Cliche Came Out of its Cage
by C.S. Lewis
1
You said ‘The world is going back to Paganism’.
Oh bright Vision! I saw our dynasty in the bar of the House
Spill from their tumblers a libation to the Erinyes,
And Leavis with Lord Russell wreathed in flowers, heralded with flutes,
Leading white bulls to the cathedral of the solemn Muses
To pay where due the glory of their latest theorem.
Hestia’s fire in every flat, rekindled, burned before
The Lardergods. Unmarried daughters with obedient hands
Tended it. By the hearth the white-armd venerable mother
Domum servabat, lanam faciebat. At the hour
Of sacrifice their brothers came, silent, corrected, grave
Before their elders; on their downy cheeks easily the blush
Arose (it is the mark of freemen’s children) as they trooped,
Gleaming with oil, demurely home from the palaestra or the dance.

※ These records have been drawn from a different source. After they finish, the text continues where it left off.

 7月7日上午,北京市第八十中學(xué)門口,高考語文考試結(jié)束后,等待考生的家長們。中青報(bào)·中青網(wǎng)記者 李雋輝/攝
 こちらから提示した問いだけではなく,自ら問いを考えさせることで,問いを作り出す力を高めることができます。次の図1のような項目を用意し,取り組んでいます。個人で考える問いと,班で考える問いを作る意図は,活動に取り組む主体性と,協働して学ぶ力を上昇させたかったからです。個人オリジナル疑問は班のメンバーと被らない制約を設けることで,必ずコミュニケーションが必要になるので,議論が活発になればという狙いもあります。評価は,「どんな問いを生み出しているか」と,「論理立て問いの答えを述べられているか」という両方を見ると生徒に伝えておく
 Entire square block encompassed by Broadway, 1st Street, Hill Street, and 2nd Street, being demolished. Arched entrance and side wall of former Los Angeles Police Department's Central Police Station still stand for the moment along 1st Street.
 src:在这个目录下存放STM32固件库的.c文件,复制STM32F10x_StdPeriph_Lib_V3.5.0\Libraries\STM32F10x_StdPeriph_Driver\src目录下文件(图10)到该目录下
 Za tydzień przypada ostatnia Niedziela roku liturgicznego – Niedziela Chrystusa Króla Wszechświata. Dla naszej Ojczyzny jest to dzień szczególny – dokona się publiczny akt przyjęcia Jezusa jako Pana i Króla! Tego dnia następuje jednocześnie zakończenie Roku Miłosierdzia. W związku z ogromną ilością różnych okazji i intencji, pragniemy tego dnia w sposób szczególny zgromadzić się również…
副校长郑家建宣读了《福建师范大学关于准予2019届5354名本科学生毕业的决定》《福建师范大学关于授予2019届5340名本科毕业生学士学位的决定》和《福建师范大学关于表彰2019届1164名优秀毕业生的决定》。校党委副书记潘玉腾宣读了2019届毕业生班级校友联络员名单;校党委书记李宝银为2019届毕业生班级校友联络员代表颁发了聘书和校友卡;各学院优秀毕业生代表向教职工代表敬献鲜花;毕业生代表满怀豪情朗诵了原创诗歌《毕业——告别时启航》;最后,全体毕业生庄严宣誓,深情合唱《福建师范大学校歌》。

Walk carefully, do not wake the envy of the happy gods,
Shun Hubris. The middle of the road, the middle sort of men,
Are best. Aidos surpasses gold. Reverence for the aged
Is wholesome as seasonable rain, and for a man to die
Defending the city in battle is a harmonious thing.
Thus with magistral hand the Puritan Sophrosune
Cooled and schooled and tempered our uneasy motions;
Heathendom came again, the circumspection and the holy fears …
You said it. Did you mean it? Oh inordinate liar, stop.
2
Or did you mean another kind of heathenry?
Think, then, that under heaven-roof the little disc of the earth,
Fortified Midgard, lies encircled by the ravening Worm.
Over its icy bastions faces of giant and troll
Look in, ready to invade it. The Wolf, admittedly, is bound;
But the bond wil1 break, the Beast run free. The weary gods,
Scarred with old wounds the one-eyed Odin, Tyr who has lost a hand,
Will limp to their stations for the Last defence. Make it your hope
To be counted worthy on that day to stand beside them;
For the end of man is to partake of their defeat and die
His second, final death in good company. The stupid, strong
Unteachable monsters are certain to be victorious at last,
And every man of decent blood is on the losing side.
Take as your model the tall women with yellow hair in plaits
Who walked back into burning houses to die with men,
Or him who as the death spear entered into his vitals
Made critical comments on its workmanship and aim.
Are these the Pagans you spoke of? Know your betters and crouch, dogs;
You that have Vichy water in your veins and worship the event
Your goddess History (whom your fathers called the strumpet Fortune).
Lewis of course speaks of the nobler parts of paganism, the parts Christianity, of the non-weak-tea kind, absorbed, while the uglier parts she rejected. Among those uglier parts was the superstitious pagan fear of witches and the violence to which it led. The Medieval Christians, in love with reason, nearly stamped out that superstition, but when Christendom began to break apart, it came back with a vengeance in the form of the infamous witch-hunts. Now that we see Western civilization once again collapsing around our ears, it is no surprise that superstition rears its ugly head. They say that history repeats itself, first as a tragedy and then as a farce: and so, the first time around, they try innocents as witches and hang or burn them, but the second time around, they cower before a children's book.
Addendum: Looking back over this essay, I was unhappy with the combative tone I took, which in some places tipped right over into ad hominem. I've now edited and expanded the essay to make better arguments with less vitriol.